United States District Court, D. Connecticut
Nov 7, 2003
CIVIL NO. 3:02CV455 (MRK) (D. Conn. Nov. 7, 2003)

Opinion

CIVIL NO. 3:02CV455 (MRK)

November 7, 2003


RULING ON MOTION FOR STAY


This federal question action arising from defendants' denial of plaintiffs' application for a wetlands permit was filed on March 13, 2002. Since then, this action has not moved forward in any meaningful way. The reason is that defendants — the City of Ansonia, its Inland Wetlands Commission and John Izzo, Jr. — have requested, and the Court has granted, five stays pending an Order of Rehabilitation entered by the Commonwealth Court of Pennsylvania with respect to Legion Insurance Company ("Legion"), the general liability insurer for the defendants, [docs. # 10, 13, 15, 18, and 21].

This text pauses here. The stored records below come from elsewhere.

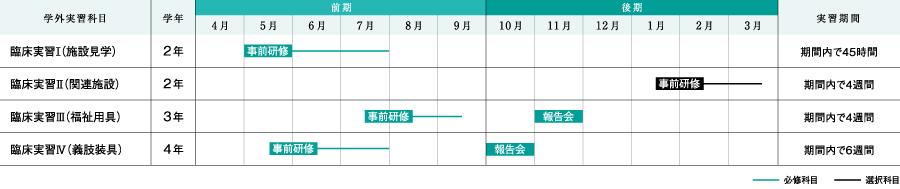 ●義手学実習 ●下腿義足学実習 ●体幹装具学実習 ●靴型装具学実習 ●福祉用具コミュニケーション機器学演習 ●臨床実習Ⅰ(施設見学) ●臨床実習Ⅱ(関連施骰) |
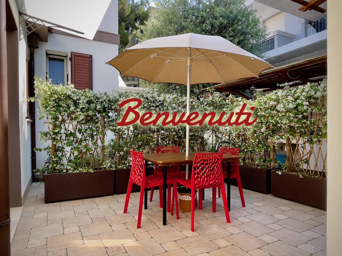 4인 가족 또는 성인 3명에게 편리한 엘리베이터가 있는 2층의 아름다운 아파트 - 해변까지 100m, - 2대의 차량을 위한 무료 주차장 및 지하 주차장 - 소형 반려동물 동반 가능 - 초고속 와이파이 - 퀸사이즈 더블 베드 1개 - 어린이 2명 또는 성인 1명을 위한 편안한 소파 베드 1개 - 유아용 침대 1개 - 유아용 식탁 의자 1개 - 주방 시설 완비 - 점심 식사와 휴식을 즐길 수 있는 넓은 테라스 2개 - 바, 빵집, 아이스크림 가게, 피아디네라(piadineria), 미니 마켓 및 게임 룸 도보 거리
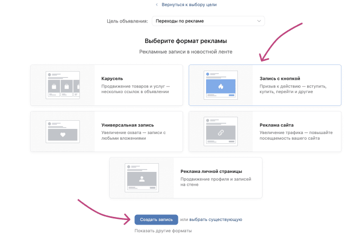 ВКонтакте предлагает несколько форматов рекламы, для нашей первой будем использовать «Запись с кнопкой». Это короткий формат объявления с очевидным призывом совершить действие и нажать на кнопку.

On August 1, 2003, defendants filed yet another motion for a stay. The latest motion, a Motion for Stay Due to Liquidation [doc. #31], followed the July 25, 2003 issuance of an Order of Liquidation by the Commonwealth Court of Pennsylvania declaring Legion insolvent and ordering Legion to be liquidated effective July 28, 2003. According to the Motion, the Order of Liquidation of the Commonwealth Court of Pennsylvania provides, in relevant part, "Unless otherwise agreed to by the Liquidator or by the relevant guaranty associations, all actions which Legion is or may be obligated to defend a party in any court or law are stayed to the extent provided by applicable law, subject to further order of the Court." The Motion also cites Connecticut's Insurance Guaranty Association Act, which provides in pertinent part, as follows:

All proceedings in which an insolvent insurer is a party or is obliged to defend an insured as a party in any court in this state shall be stayed for up to six months and for such additional time thereafter as may be determined by the court from such declaration of insolvency or from the time an ancillary proceeding is instituted in the state, which is later, to permit proper defense by said association of all pending causes of action.

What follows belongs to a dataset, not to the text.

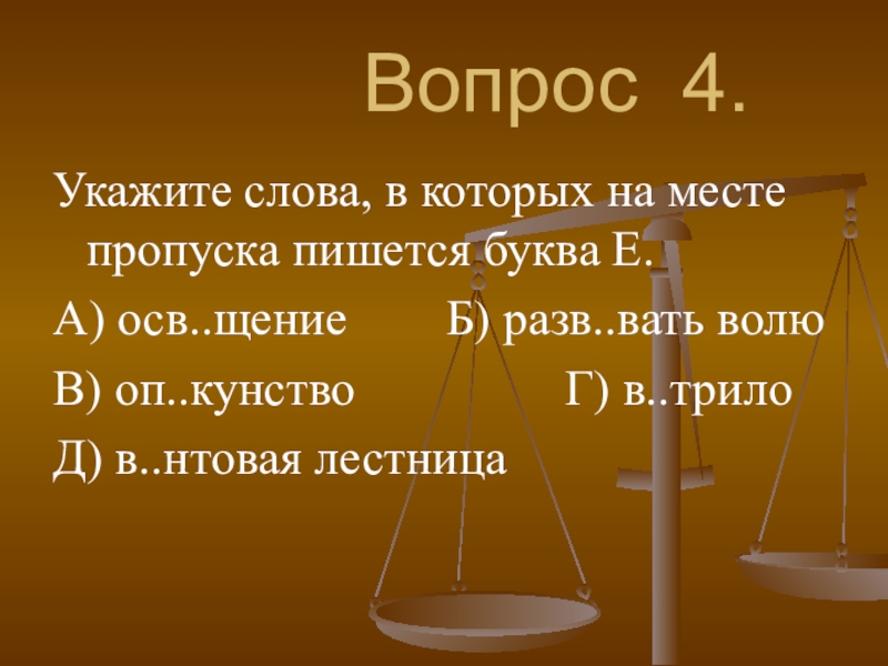 Вопрос 4.Укажите слова, в которых на месте пропуска пишется буква Е.А) осв..щение

Conn. Stat. Ann. § 38a-851.

Invoking the Commonwealth Court's order and § 38a-851, defendants assert that this action must continue to be stayed for at least an additional six-month period, until January 28, 2004. For several reasons, the Court will not grant another stay in this case.

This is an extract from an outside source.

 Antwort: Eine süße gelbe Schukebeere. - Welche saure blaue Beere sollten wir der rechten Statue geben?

First, there can be no question that the Commonwealth Court has no power to enjoin a federal court from exercising the jurisdiction that Congress has conferred on the federal courts. As the Supreme Court held in Donovan v. City of Dallas, 377 U.S. 408, 412-13 (1964), "State courts are completely without power to restrain federal court proceedings in in personam actions." See also General Atomic Co. v. Felter, 434 U.S. 12, 17 (1977) ("The rights conferred by Congress to bring . . . actions in federal courts are not subject to abridgement by state-court injunctions . . ."); Fragoso v. Lopez, 991 F.2d 878, 884 (1st Cir. 1993).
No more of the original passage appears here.